I wouldn't mind a meet up as well. I love hugs!


----------



## Okami_No_Heishi (Nov 23, 2016)

Cobalt-Fox said:


> I wouldn't mind a meet up as well. I love hugs!


Wassup Georgia Fur!


----------



## Cobalt-Fox (Nov 23, 2016)

Okami_No_Heishi said:


> Wassup Georgia Fur!


Sup Fur!! I'm in Augusta yo!!


----------



## Okami_No_Heishi (Nov 23, 2016)

Cobalt-Fox said:


> Sup Fur!! I'm in Augusta yo!!


We're in Griffin!!


----------



## Cobalt-Fox (Nov 23, 2016)

Okami_No_Heishi said:


> We're in Griffin!!


Sweet dude!! I'm gonna be working FWA this year. So hopefully we can meet! Plus my gf will be with me.


----------



## Okami_No_Heishi (Nov 23, 2016)

Cobalt-Fox said:


> Sweet dude!! I'm gonna be working FWA this year. So hopefully we can meet! Plus my gf will be with me.


Well my wife will be with me!


----------



## bhutrflai (Nov 23, 2016)

Hi Cobalt! He's pretty well convinced me to go...so maybe we will see you!!


----------



## Cobalt-Fox (Nov 23, 2016)

Okami_No_Heishi said:


> Well my wife will be with me!





bhutrflai said:


> Hi Cobalt! He's pretty well convinced me to go...so maybe we will see you!!


Sweet I'll be working with the front of house guys and running lights for the con's main stage. I'm so excited to have this opportunity again. So if you're trying to find me I'll be at the back of the main convention hall. Just ask for Cobalt


----------



## darkstormdragon (Dec 18, 2016)

Can't wait to hit FWA again, can't wait to jam out with you again Cobalt it'll be a trip, light crews getting big..


----------



## Cobalt-Fox (Jan 3, 2017)

darkstormdragon said:


> Can't wait to hit FWA again, can't wait to jam out with you again Cobalt it'll be a trip, light crews getting big..
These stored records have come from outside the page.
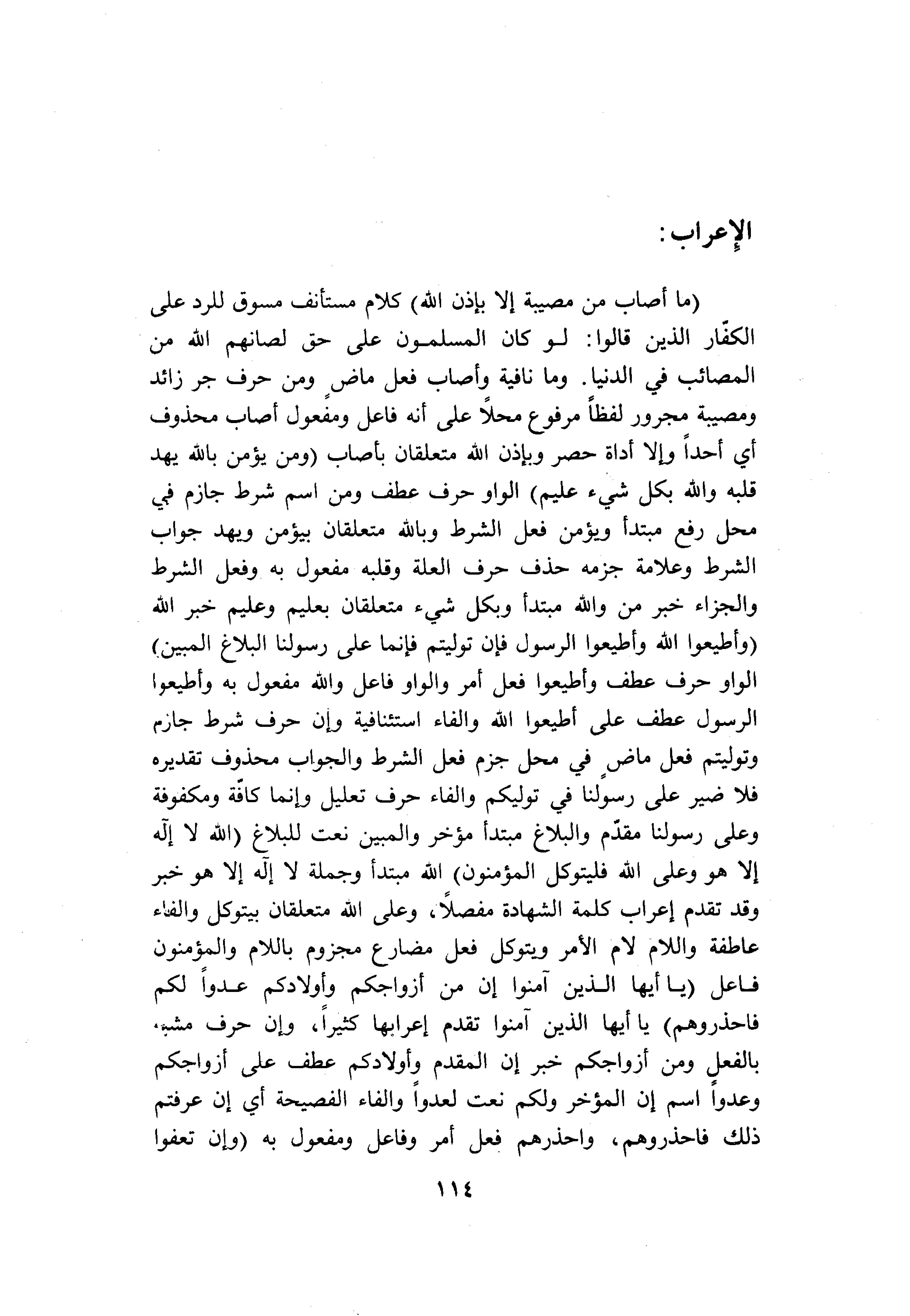 (ما أَصابَ مِنْ مُصِيبَةٍ إِلَّا بِإِذْنِ اللَّهِ) كلام مستأنف مسوق للرد على الكفّار الذين قالوا: لو كان المسلمون على حق لصانهم الله من المصائب في الدنيا. وما نافية وأصاب فعل ماض ومن حرف جر زائد ومصيبة مجرور لفظا مرفوع محلا على أنه فاعل ومفعول أصاب محذوف أي أحدا وإلا أداة حصر وبإذن الله متعلقان بأصاب (وَمَنْ يُؤْمِنْ بِاللَّهِ يَهْدِ قَلْبَهُ وَاللَّهُ بِكُلِّ شَيْءٍ عَلِيمٌ) الواو حرف عطف ومن اسم شرط جازم في محل رفع مبتدأ ويؤمن فعل الشرط وبالله متعلقان بيؤمن ويهد جواب الشرط وعلامة جزمه حذف حرف العلة وقلبه مفعول به وفعل الشرط والجزاء خبر من والله مبتدأ وبكل شيء متعلقان بعليم وعليم خبر الله (وَأَطِيعُوا اللَّهَ وَأَطِيعُوا الرَّسُولَ فَإِنْ تَوَلَّيْتُمْ فَإِنَّما عَلى رَسُولِنَا الْبَلاغُ الْمُبِينُ) الواو حرف عطف وأطيعوا فعل أمر والواو فاعل والله مفعول به وأطيعوا الرسول عطف على أطيعوا الله والفاء استئنافية وإن حرف شرط جازم وتوليتم فعل ماض في محل جزم فعل الشرط والجواب محذوف تقديره فلا ضير على رسولنا في توليكم والفاء حرف تعليل وإنما كافّة ومكفوفة وعلى رسولنا مقدّم والبلاغ مبتدأ مؤخر والمبين نعت للبلاغ (اللَّهُ لا إِلهَ إِلَّا هُوَ وَعَلَى اللَّهِ فَلْيَتَوَكَّلِ الْمُؤْمِنُونَ) الله مبتدأ وجملة لا إله إلا هو خبر وقد تقدم إعراب كلمة الشهادة مفصلا، وعلى الله متعلقان بيتوكل والفاء عاطفة واللام لام الأمر ويتوكل فعل مضارع مجزوم باللام والمؤمنون فاعل (يا أَيُّهَا الَّذِينَ آمَنُوا إِنَّ مِنْ أَزْواجِكُمْ وَأَوْلادِكُمْ عَدُوًّا لَكُمْ فَاحْذَرُوهُمْ) يا أيها الذين آمنوا تقدم إعرابها كثيرا، وإن حرف مشبه بالفعل ومن أزواجكم خبر إن المقدم وأولادكم عطف على أزواجكم وعدوا اسم إن المؤخر ولكم نعت لعدوا والفاء الفصيحة أي إن عرفتم ذلك فاحذروهم، واحذرهم فعل أمر وفاعل ومفعول به (وَإِنْ تَعْفُوا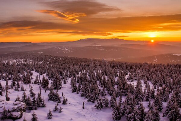 Sonnenuntergang in den Bergen über endlosen Wolken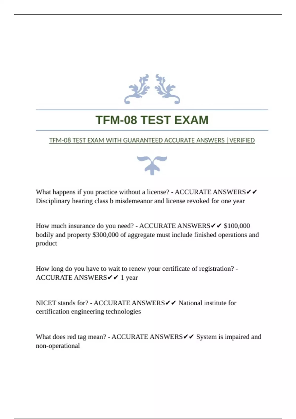 TFM-08 TEST EXAM WITH GUARANTEED ACCURATE ANSWERS |VERIFIED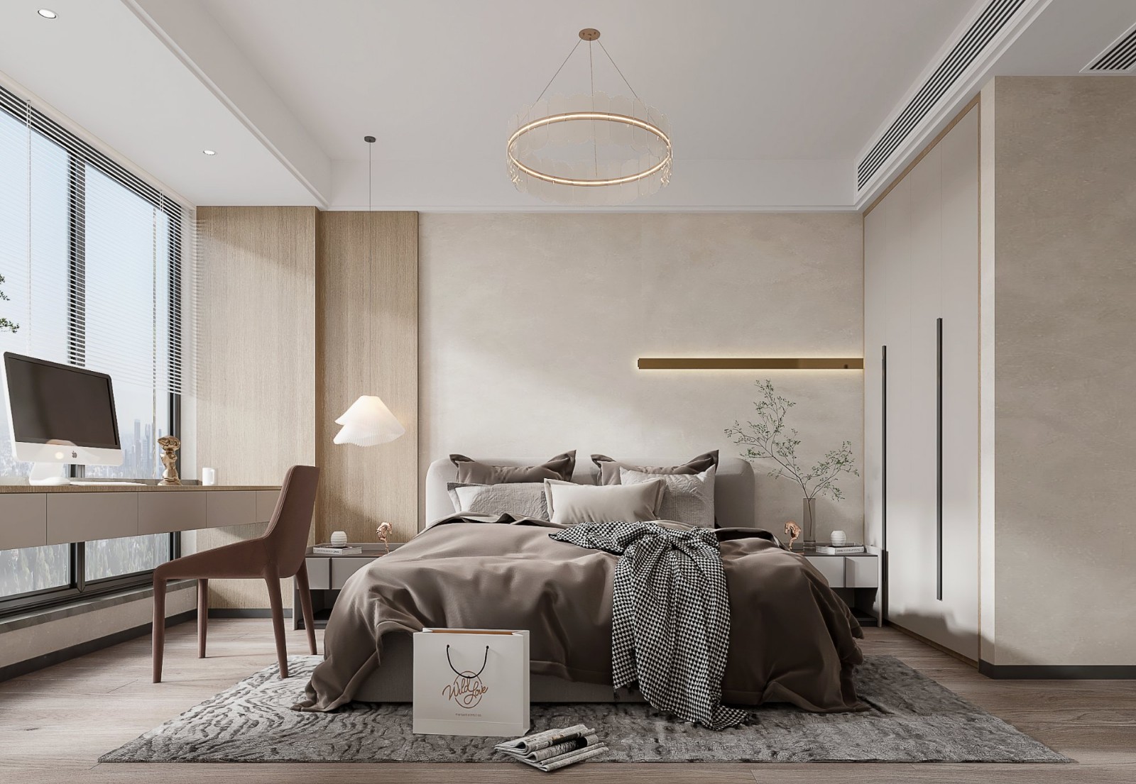次卧以灰色+原木的硬包设计,墙上还设计了一排暗藏灯,床的一侧是一大排衣柜,另一侧靠近玻璃的一边,设计了一个书桌。整个卧室洁净自然

DUDE WHAT!!!!! What are we looking at man??? I'm in the dark lol. Tom told me to register as staff man. I'm so excited to be a part of this again.


----------



## darkstormdragon (Jan 4, 2017)

Cobalt-Fox said:


> DUDE WHAT!!!!! What are we looking at man??? I'm in the dark lol. Tom told me to register as staff man. I'm so excited to be a part of this again.
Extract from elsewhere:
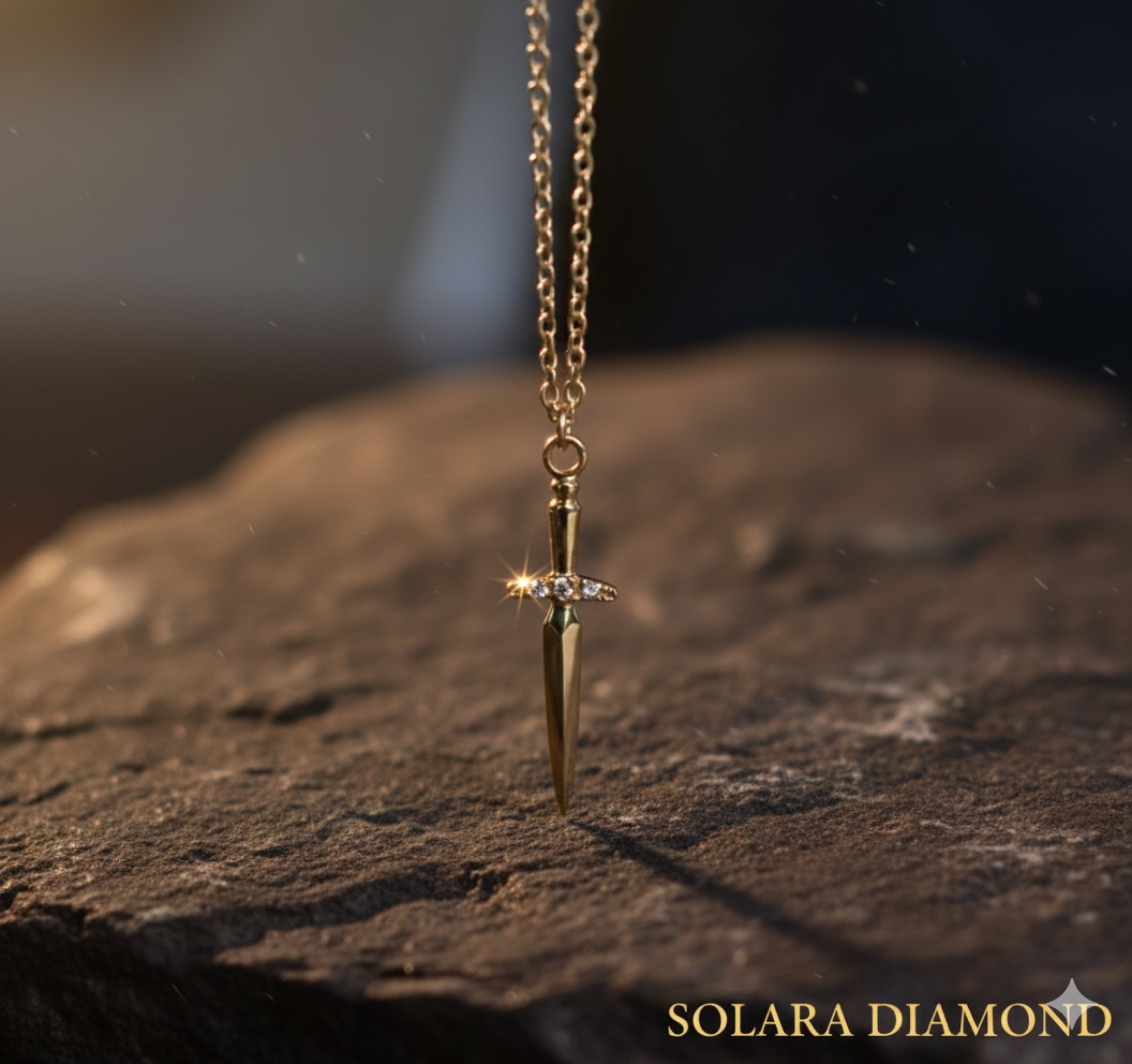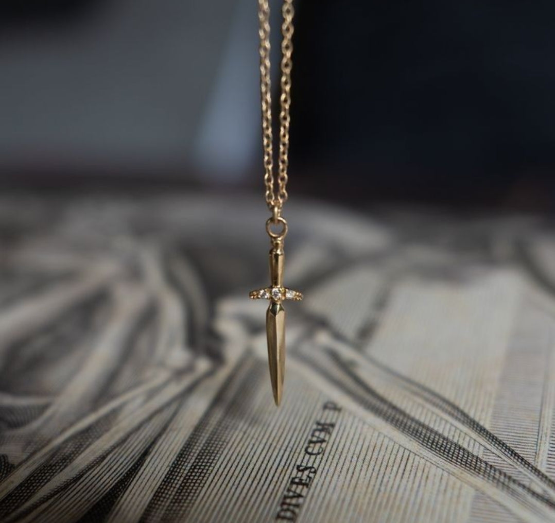 This necklace features a finely detailed dagger pendant that offers a subtle yet striking edge to your look. The pendant hangs vertically, polished to a warm gold-tone finish, and is accented near the hilt with a trio of simulated diamonds for a touch of unexpected sparkle.

I have no idea really, i've been in the dark as well, we usually don't hear anything solid till like a month out which sucks IMO but we'll see.


----------



## xaliceonfire (Jan 20, 2017)

My husband and I are attending.


----------



## LouGarou92 (Jan 26, 2017)

I'll be going! My first Furcon 

If anyone needs a ride from Birmingham to Atlanta (or anywhere off I-20) hit me up.


----------



## Wolveon (Jan 26, 2017)

Man, I wish I could make it this year. It's only a four hour drive IIRC, but real life has a tendency to get in the way of things.


----------



## strawvery (Mar 18, 2017)

Soji said:


> I will be going, and selling in the dealers den!





Soji said:


> I will be going, and selling in the dealers den!


What all will you be selling? Just curious.


----------



## MEDS (Mar 19, 2017)

I'm really excited for this! Under 3 weeks left now.


----------



## Cobalt-Fox (Mar 25, 2017)

Note to all: Who wants to meet up and chil on Friday in between the events that are in the main ball room??  I'll be working the events in there so I wont be able to chill during those times.


----------